In many ways, new Federal Reserve Chairman Jerome Powell’s first testimony before Congress this week was like what we heard from Ben Bernanke and then Janet Yellen about the Fed’s support for its dual mandate from Congress to promote maximum employment and stable prices. But due to some specific words from Powell, commentators and markets think the Fed may now focus more on preventing inflation and, hence, raise interest rates more aggressively.

Throughout the recovery from the Great Recession, the Fed under Bernanke and Yellen was cautious about unwinding monetary stimulus — that is, measures like maintaining an historically low short-term interest rate target and buying lots of longer-term assets (quantitative easing) to accommodate strong job growth and rising employment. The Fed’s pursuit of maximum employment did not conflict with its other goal of stable prices since inflation remained below the Fed’s 2 percent target. In fact, the Fed’s persistent failure to reach its inflation target suggests it could have even more aggressively tried to speed up the labor market’s recovery.

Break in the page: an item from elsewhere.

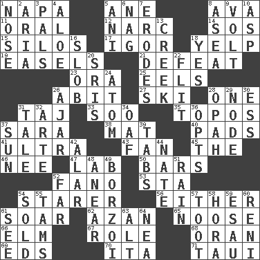 ACROSS 1. California wine valley 5. A saturated hydrocarbon 8. Actress Gardner 11. Spoken 12. Drug cop 14. Distress signal 15. Grain storage towers 17. Russian composer Stravinsky 18. Sharp bark 19. Artist's stands 21. Outscore 23. Mouth or opening 25. Snakelike fish 26. "This won't hurt ____!" 27. What Jean-Claude Killy likes to do 28. Single 31. _ Mahal 33. "Barney Miller" actor Jack 35. Literary convention 37. "Two Mules for Sister ____" 38. Floor protector 40. Groovy apts. 41. Extremist 43. Avid follower 45. Definite Article 46. Born 47. Experiment locale 50. Drinking establishments 52. Papal veil 53. R.R. building 54. A viewer who gazes fixedly 56. One or the other 61. Fly high 62. Muslim summons to prayer 65. Trap for birds or small mammals 66. Shade tree 67. Hero or heavy, e.g. 68. Northwest Algerian city 69. Begley and Asner 70. Call ___ day 71. "Change" in Tahitian DOWN 1. Characteristic smell of wine 2. Operatic vocal solo 3. Friends 4. _ vera 5. Cuckoo 6. Tired old horse 7. Eats (away) 8. At sea 9. Electrical Unit 10. Cleo's killer 13. Small stream 16. Oscar Madison type 18. It is so 20. Indian titles of respect 22. Secret move to avoid paying debts 24. Smallest unit of an element 26. Partly open 28. Brightly colored fish 29. Connecting point 30. Curvy letter 31. Story 32. Johnson of "Laugh-In" 34. Clumsy lout 36. Elects 37. Player for Phoenix 39. Bar bills 42. Having or resembling wings 44. Nathan's nickname 48. Approach 49. Tall fast-moving dog breed 51. Precipitation 52. At a great distance 54. Disposed of to a purchaser 55. Scottish caps 57. A blast of a horn 58. Israeli folk dance 59. Son of Isaac 60. Painter Guido (1575-1642) 61. Perceive with the eye 63. The first octave above the treble staff 64. Teachers' org.
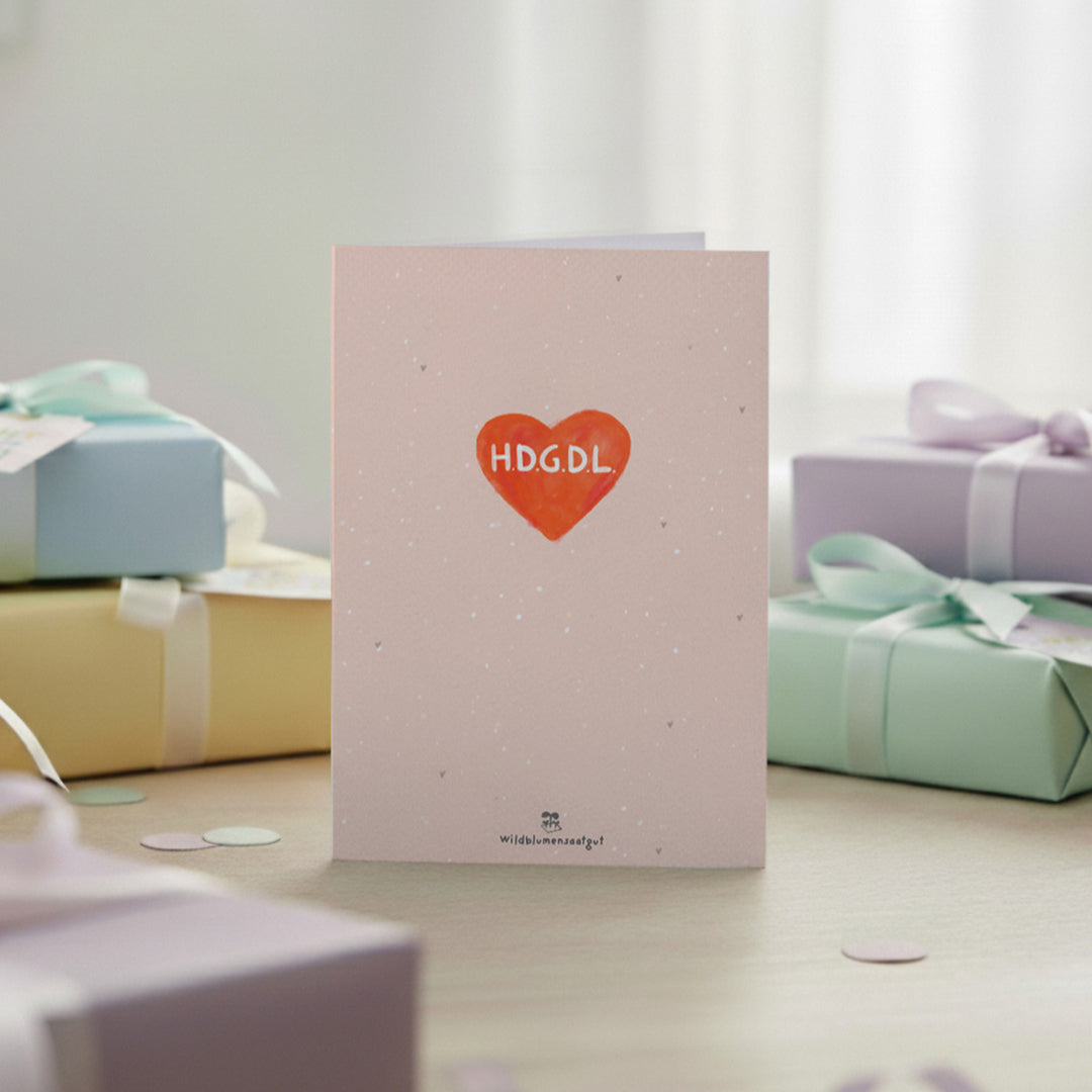 HDGDL - fünf Buchstaben, die von Herzen kommen: Diese Karte ist eine liebevolle Botschaft an die beste Freundin, den Herzensmenschen oder jemanden, der einfach wichtig ist. Ein ehrliches "Ich hab dich ganz doll lieb" - direkt, persönlich und schön wie echte Freundschaft.

Nonetheless, as Powell told a House committee on Tuesday, unemployment has fallen to 4.1 percent, about three quarters of a percentage point lower than a year ago and its lowest level since December 2000. Various other indicators of labor market health also continued to improve over the past year. Yet inflation remains below target. Contrasting the still-improving labor market health and the still-below-target inflation, Powell echoed Yellen’s previous statements. But here’s the twist, as documented by the Fed watcher and economist Tim Duy.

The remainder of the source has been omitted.